Chronic eosinophilic leukemia, not otherwise specified (i.e. CEL, NOS), is a leukemia-inducing disorder in the eosinophil cell lineage that causes eosinophil blood counts greater than 1,500/μL. The most recent (2017) World health organization criteria specifically excludes from this disorder hypereosinophilia/eosinophilia associated with BCR-ABL1 fusion gene-positive chronic myeloid leukemia, polycythemia vera, essential thrombocytosis, primary myelofibrosis, chronic neutrophilic leukemia, chronic myelomonocytic leukemia, atypical chronic myelogenous leukemia, clonal eosinophilias involving gene rearrangements of PDGFRA, PDGFRB, or FGFR1, and chromosome translocations that form PCM1-JAK2, ETV6-JAK2, or BCR-JAK2 fusion genes. For this diagnosis, immature eosinophil (e.g. myeloblast) cell counts in the bone marrow and peripheral blood must be less than 20% and the chromosomal alterations (inv(16)(p13.1q22)) and t(16;16)(p13;q22) as well as other features diagnostic of acute myelogenous leukemia must be absent. The latter diagnostic features include clonal cytogenetic abnormalities and molecular genetic abnormalities diagnostic for other forms of leukemia or the presence of myeloblast counts greater than 55% in bone marrow or 2% in blood. Chronic eosinophilic leukemia may transform into acute eosinophilic or other types of acute myelogenous leukemia.
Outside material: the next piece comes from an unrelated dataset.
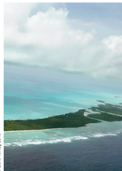
Beitrag auf Seite 18

==== Familial eosinophilia ====

Familial eosinophilia is a rare congenital disorder characterized by the presence of sustained elevations in blood eosinophil levels that reach ranges diagnostic of eosinophilia or, far more commonly, hypereosinophilia. It is an autosomal dominant disorder in which genetic linkage gene mapping family studies localize the gene responsible for it to chromosome 5 at position q31–q33, between markers D5S642 and D5S816. This region contains a cytokine gene cluster which includes three genes whose protein products function in regulating the development and proliferation of eosinophils viz., interleukin 3, interleukin 5, and colony stimulating factor 2. However, no functional sequence genetic polymorphisms are found within the promoter, exons, or introns, of these genes or within the common gene enhancer for interleukin 3 or colony stimulating factor 2. This suggests that the primary defect in familial eosinophilia is not a mutation in one of these genes but rather in another gene within this chromosome area. Clinical manifestations and tissue destruction related to the eosinophilia in this disorder are uncommon: familial eosinophilia typically has a benign phenotype compared to other congenital and acquired eosinophilic diseases.
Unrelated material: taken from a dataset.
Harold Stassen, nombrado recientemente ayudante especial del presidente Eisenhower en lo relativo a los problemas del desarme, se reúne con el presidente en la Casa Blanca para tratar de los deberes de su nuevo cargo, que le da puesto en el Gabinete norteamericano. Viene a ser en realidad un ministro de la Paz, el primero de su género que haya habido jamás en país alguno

==== Idiopathic hypereosinophilia ====
Idiopathic hypereosinophilia (also termed hypereosinophilia of undetermined significance, i.e. HE_{US}) is a disorder characterized by an increase in eosinophil blood counts above 1,500/μL, as detected on at least 2 separate examinations. The disorder cannot be associated with eosinophil-based tissue damage or a primary or secondary cause of eosinophilia. That is, it is a diagnosis of exclusion and has no known cause. Over time, this disorder can resolve into a primary hypereosinophilia, typically clonal hypereosinophilia, chronic eosinophilic leukemia, or an eosinophilia associated with another hematological leukemia. The disorder may also become associated with tissue or organ damage and therefore be diagnosed as the hypereosinophilic syndrome. Idiopathic hypereosinophilia is treated by observation to detect development of the cited more serious disorders.

==== Idiopathic hypereosiophilic syndrome ====

The idiopathic hypereosinophilic syndrome is a disorder characterized by hypereosinophilia that is associated with eosinophil-based tissue or organ damage. While almost any organ or tissue may be damaged, the lung, skin, heart, blood vessels, sinuses, kidneys, and brain are the most commonly affected. The World Health Organization restrict this diagnosis to cases which have no well-defined cause. That is, all cases of secondary (i.e. reactive) eosinophilia (including lymphocyte-variant hypereosinophilia) and primary hypereosinophilia (including chronic eosinophilic leukemia (NOS), clonal eosinophilia, and hypereosinophilia associated with hematological malignancies) are excluded from this diagnosis.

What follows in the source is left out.